▶ **WORK REQUIRED**
Please print exactly the lines from the one containing "造作価格 ご相談 賃料(坪単価)" through the last line of the records, and only those. Leave out any pictures.

(Data extracted from a collection)
⁂
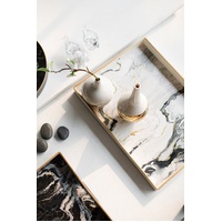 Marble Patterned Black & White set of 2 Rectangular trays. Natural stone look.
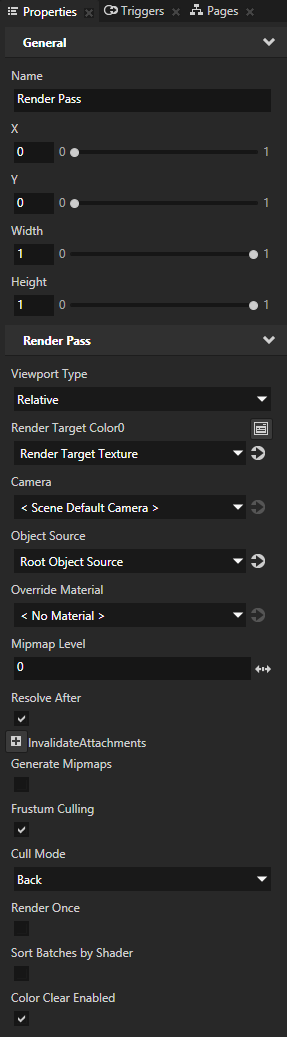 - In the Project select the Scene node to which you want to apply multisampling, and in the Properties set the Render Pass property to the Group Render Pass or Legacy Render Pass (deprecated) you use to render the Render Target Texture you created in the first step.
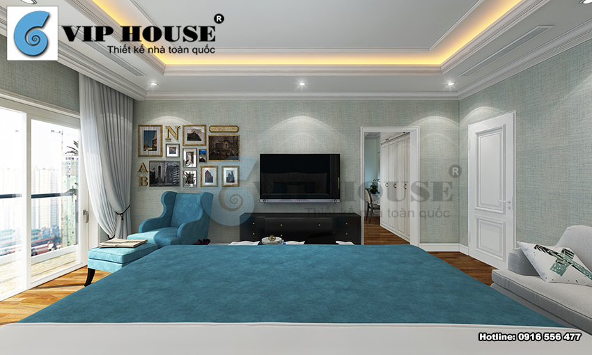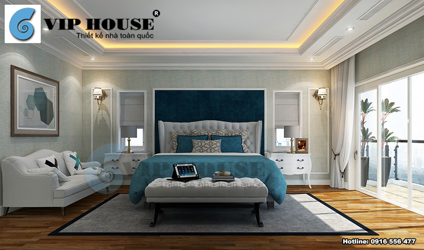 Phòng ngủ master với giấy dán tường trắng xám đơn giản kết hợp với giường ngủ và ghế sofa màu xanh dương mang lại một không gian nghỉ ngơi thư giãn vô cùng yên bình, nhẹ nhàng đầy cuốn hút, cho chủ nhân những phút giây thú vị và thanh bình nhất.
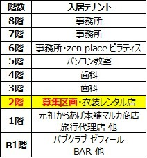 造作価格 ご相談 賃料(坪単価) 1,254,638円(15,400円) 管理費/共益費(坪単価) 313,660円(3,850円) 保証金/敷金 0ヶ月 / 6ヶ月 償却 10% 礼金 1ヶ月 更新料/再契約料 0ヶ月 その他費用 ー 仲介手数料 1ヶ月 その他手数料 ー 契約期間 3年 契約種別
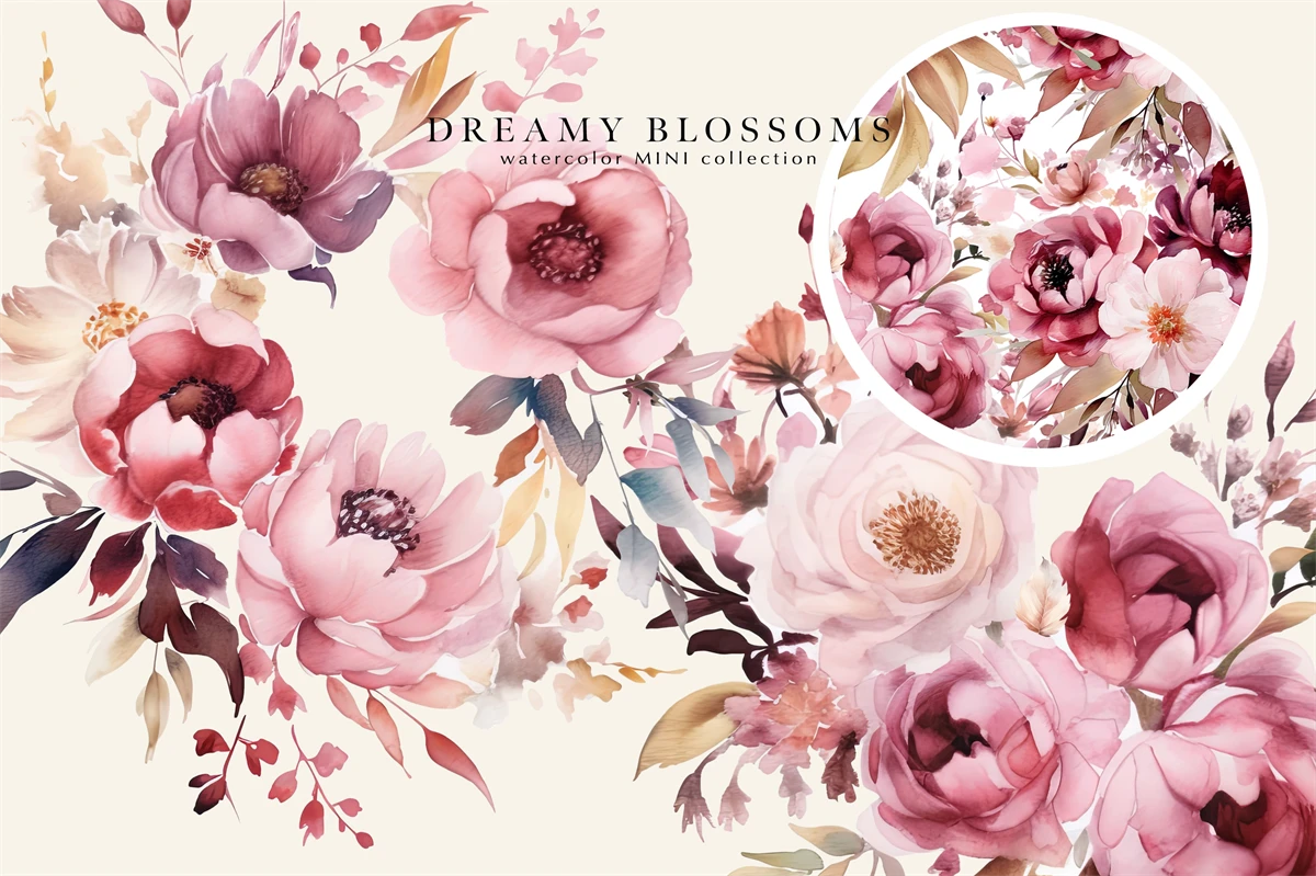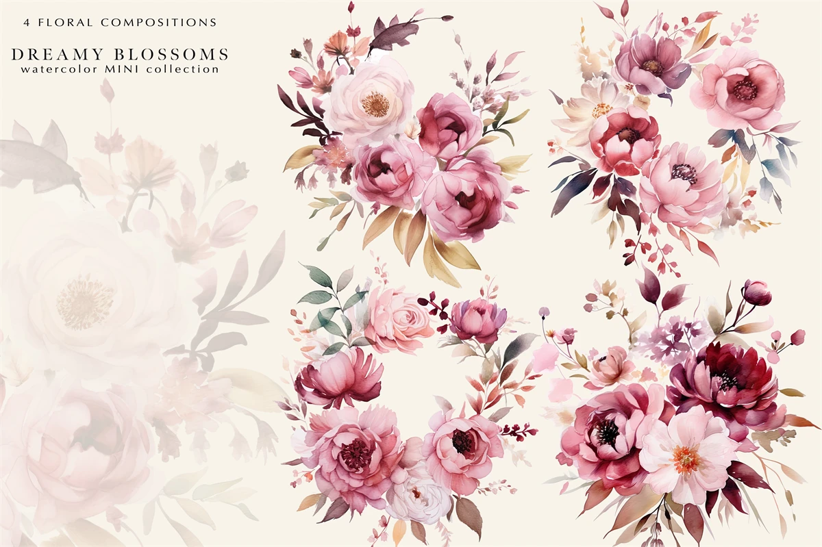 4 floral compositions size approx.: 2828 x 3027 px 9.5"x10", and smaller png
⁂
▶ **SOLUTION TO THIS EXERCISE**
 造作価格 ご相談 賃料(坪単価) 1,254,638円(15,400円) 管理費/共益費(坪単価) 313,660円(3,850円) 保証金/敷金 0ヶ月 / 6ヶ月 償却 10% 礼金 1ヶ月 更新料/再契約料 0ヶ月 その他費用 ー 仲介手数料 1ヶ月 その他手数料 ー 契約期間 3年 契約種別
 4 floral compositions size approx.: 2828 x 3027 px 9.5"x10", and smaller png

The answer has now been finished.